(Supplied data Opens)

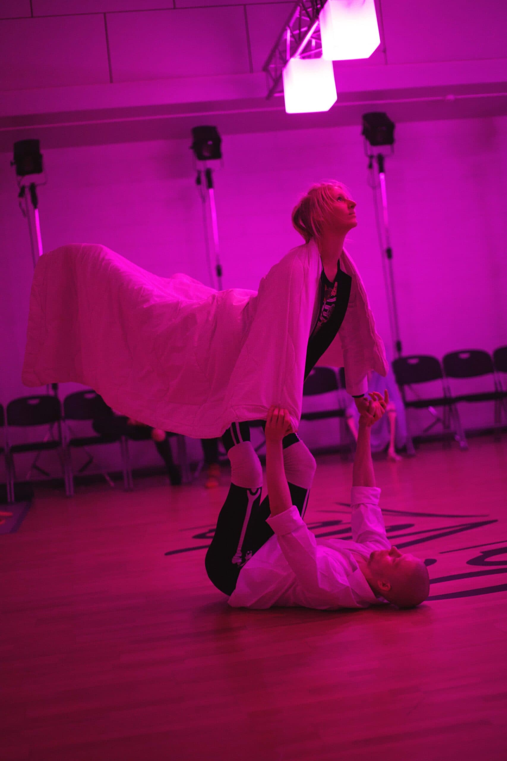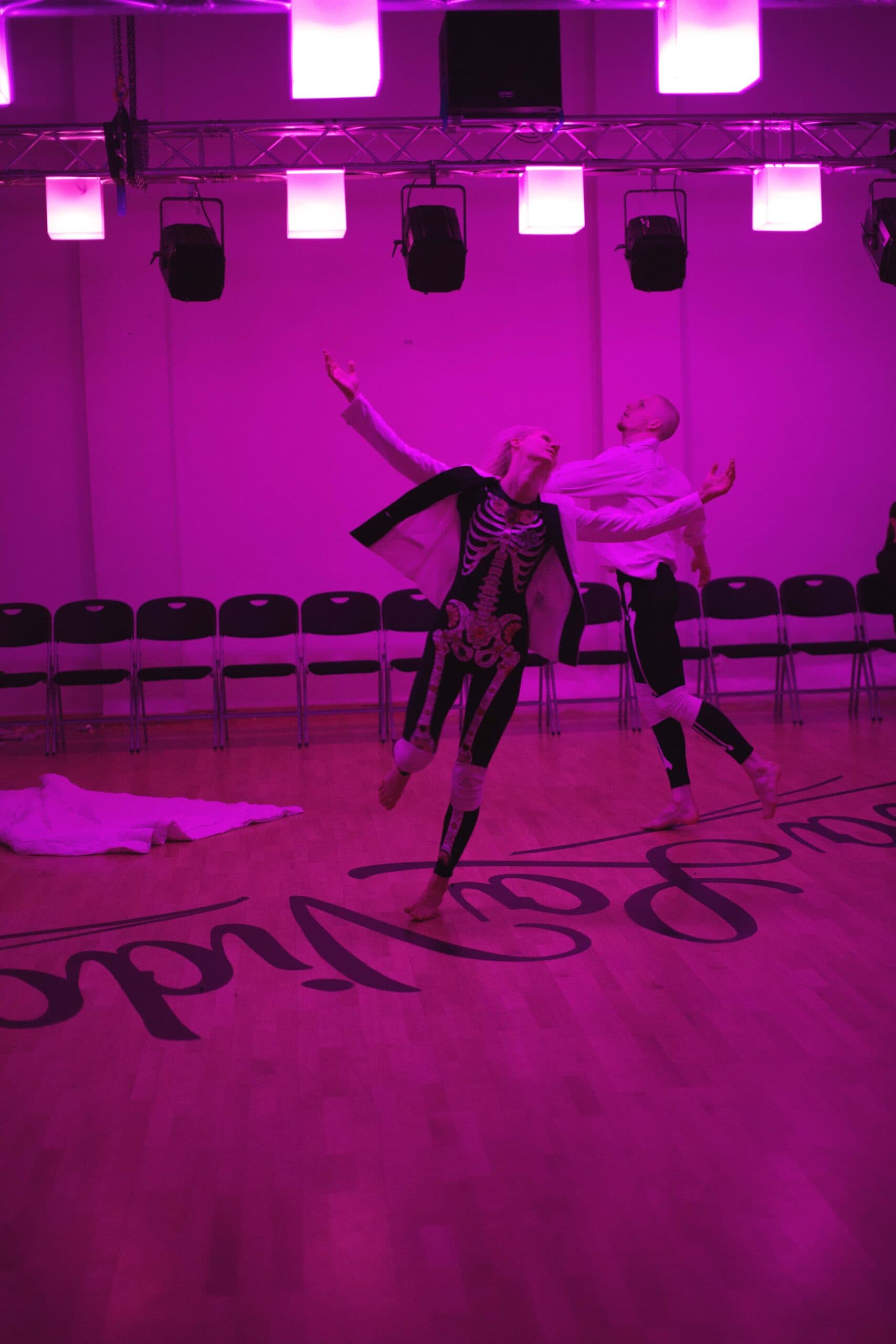 See mees ja naine, kes tantsivad suurel laval balletikingades.
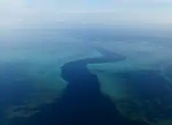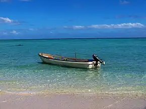 Ce récif corallien de 160 km de long entoure un lagon de 1 100 km2, un des plus grands et des plus profonds au monde[40]. On trouve, sur une partie de la barrière de corail, une double barrière qu'il est rare d'observer sur la planète[41]. Il protège des courants marins et de la houle océanique la quasi-totalité de Mayotte, à l'exception d'une douzaine de passes, dont une à l'est appelée « passe en S ». Le lagon, d'une largeur moyenne de 5 à 10 km, a une profondeur pouvant atteindre jusqu'à une centaine de mètres. Il est parsemé d'une centaine d'îlots coralliens comme Mtsamboro. Ce récif procure un abri aux bateaux et à la faune océanique.
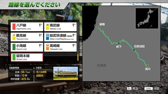 The Rumoi Line is a 14.4 km long JR Hokkaido line connecting Fukagawa Station in Fukagawa City, Hokkaido to Ishikari-Numata Station in Numata Town, Uryu County, Hokkaido. This DLC includes the up and down lines between Fukagawa and Rumoi (total length 50.1 km), including the discontinued section.

(Supplied data Closes)

→ Exercise details
Above is a listing with pictures. Write it out exactly without them.

→ Exercise output
 See mees ja naine, kes tantsivad suurel laval balletikingades.
 Ce récif corallien de 160 km de long entoure un lagon de 1 100 km2, un des plus grands et des plus profonds au monde[40]. On trouve, sur une partie de la barrière de corail, une double barrière qu'il est rare d'observer sur la planète[41]. Il protège des courants marins et de la houle océanique la quasi-totalité de Mayotte, à l'exception d'une douzaine de passes, dont une à l'est appelée « passe en S ». Le lagon, d'une largeur moyenne de 5 à 10 km, a une profondeur pouvant atteindre jusqu'à une centaine de mètres. Il est parsemé d'une centaine d'îlots coralliens comme Mtsamboro. Ce récif procure un abri aux bateaux et à la faune océanique.
 The Rumoi Line is a 14.4 km long JR Hokkaido line connecting Fukagawa Station in Fukagawa City, Hokkaido to Ishikari-Numata Station in Numata Town, Uryu County, Hokkaido. This DLC includes the up and down lines between Fukagawa and Rumoi (total length 50.1 km), including the discontinued section.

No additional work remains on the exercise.